In addition, as shown in Fig. 2, a plurality of lower side exhaust holes 90 are formed around the lower circumference of the movable side heat gas discharge body 6 at a predetermined size at predetermined intervals, and the plurality of lower side surfaces A lower exhaust shield 91 is provided around the exhaust hole 90 at a predetermined interval, and the upper and lower ends of the lower exhaust shield 91 are formed to be sealed, and the circumference of the lower exhaust shield 91 A lower shield main exhaust part 92 is formed on one side, and a lower shield auxiliary exhaust part 93 is formed at a position separated from the lower shield main exhaust part 92 by a predetermined distance, so that the opening operation of the gas circuit breaker is initiated or processed. Some of the extinguishing gas (hot gas) generated after the insulating gas expanded in the expansion chamber 13 is injected through the expansion gas flow path 31 and the gas injection nozzle 21 during the expansion chamber 13 is a flow path below the hot gas ( 17) to be moved to the lower part of the main operation rod 10 on the movable side, and the extinguishing gas moved to the lower side is the hot gas rod discharge hole 18, the lower side exhaust hole 90, and the lower shield main and auxiliary It allows it to be quickly discharged to the outside through the exhaust part.
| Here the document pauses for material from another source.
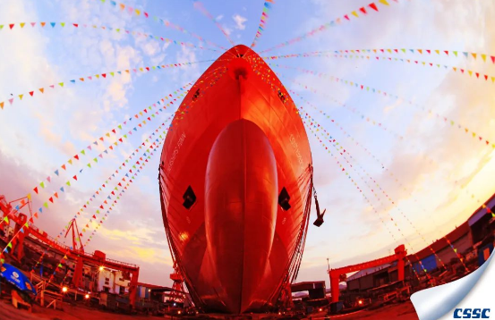 黄埔文冲建造的1400TEU双燃料集装箱船即将下水,美丽的船船与娴丽多彩的天空融为一体,展现出一幅展翅欲飞场景。
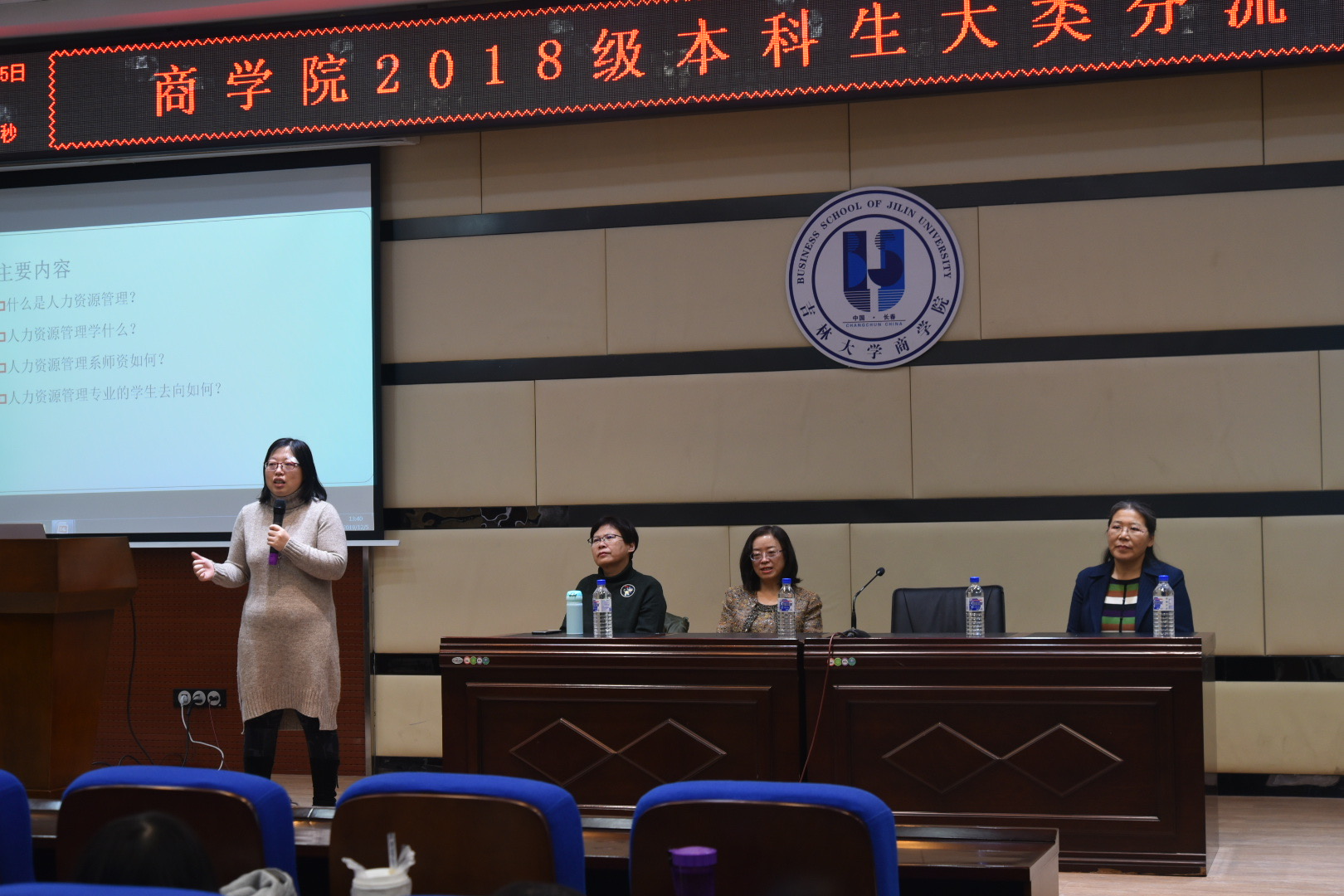 为更好培养全面发展的创新型复合型商科人才,进一步加深3522vip浦京集团官网2018级本科生对会计大类与工管大类中各个学科地了解,为2018级本科生提供专业分流地建设性指导,学院于12月5日13:30在东荣大厦B310举办“3522vip浦京集团官网2018级本科生大类分流系列专业说明会”第6场——人力资源管理专业说明会。本次说明会的主讲人是3522vip浦京集团官网人力资源管理系主任王广慧老师,于桂兰老师、王弘钰老师、潘淑琴老师共同出席说明会,为同学们解答疑问,主持人为2018级辅导员陈卓老师,全体2018级工管大类学生出席本次说明会。

On the other hand, the gas circuit breaker for the gas insulated switchgear, as shown in Figs. 4 and 5, is provided in three corresponding to the three-phase currents a, b and c, and three gas insulated for each phase. The gas circuit breakers for the switchgear are arranged in a triangular shape at predetermined intervals, respectively. The a-phase and b-phase gas circuit breakers may be arranged to face each other at predetermined intervals, and the c phase gas circuit breakers are vertically spaced a predetermined distance from the center of a straight line with the a phase and b phase as both ends to one side on the same horizontal plane. In this case, the main exhaust hole 80 on the upper side of the phase a and phase b gas circuit breaker is connected to the phase c gas circuit breaker at the center of a straight line having both ends of the phase a and phase b The main exhaust hole 80 on the upper side of the c-phase gas circuit breaker is formed to face in a direction parallel to the vertical line, and the a-phase and b-phase are formed to face in a direction parallel to the straight line at both ends, respectively. An upper main exhaust hole 83 is formed in a circular shape of a predetermined radius at the upper end of the fixed side heat gas discharge body 41 of the gas circuit breaker, and the internal heat gas is at the center of the upper main exhaust hole 83 By providing a diffusion exhaust guide 84 that diffuses and discharges the gas around the periphery of the upper exhaust hole, so that the extinguishing gas inside each gas circuit breaker can be quickly discharged to the outside, and the gas for each phase A large amount of extinguishing gas discharged from the top of the circuit breaker is prevented from being mixed directly at the same time as it is discharged, thereby minimizing the phenomenon of inter-phase insulation breakdown.

As described above, the extinguishing unit 1 of the bidirectional driving gas circuit breaker for a gas insulated switchgear according to the present invention has a simple configuration of a bidirectional driving gas circuit breaker to improve assembly productivity and cut-off operation durability, Accurate and continuous cut-off operation is possible even with repeated operation for a long period of time, quick extinguishing of arcs generated during the cut-off process and rapid extinguishing gas flow discharge, and the insulation performance between ground and phase of a three-phase gas circuit breaker can be significantly improved. And

In addition, by adjusting the formation position of the pressing pin 63, the interlocking point and the arc occurrence point of the fixed-side arc electrode 51 can be adjusted, arc extinguishing time and cut-off time can be shortened, and the main operating rod 10 ) It is possible to optimize the point of relative change in the magnitude of the external driving force to be driven.

Although several embodiments have been exemplarily described above, the fact that the present invention can be embodied in various forms without departing from the spirit and scope thereof is obvious to those of ordinary skill in the art.

Accordingly, the above-described embodiments should be regarded as illustrative rather than restrictive, and all embodiments within the appended claims and their equivalent scope are included within the scope of the present invention.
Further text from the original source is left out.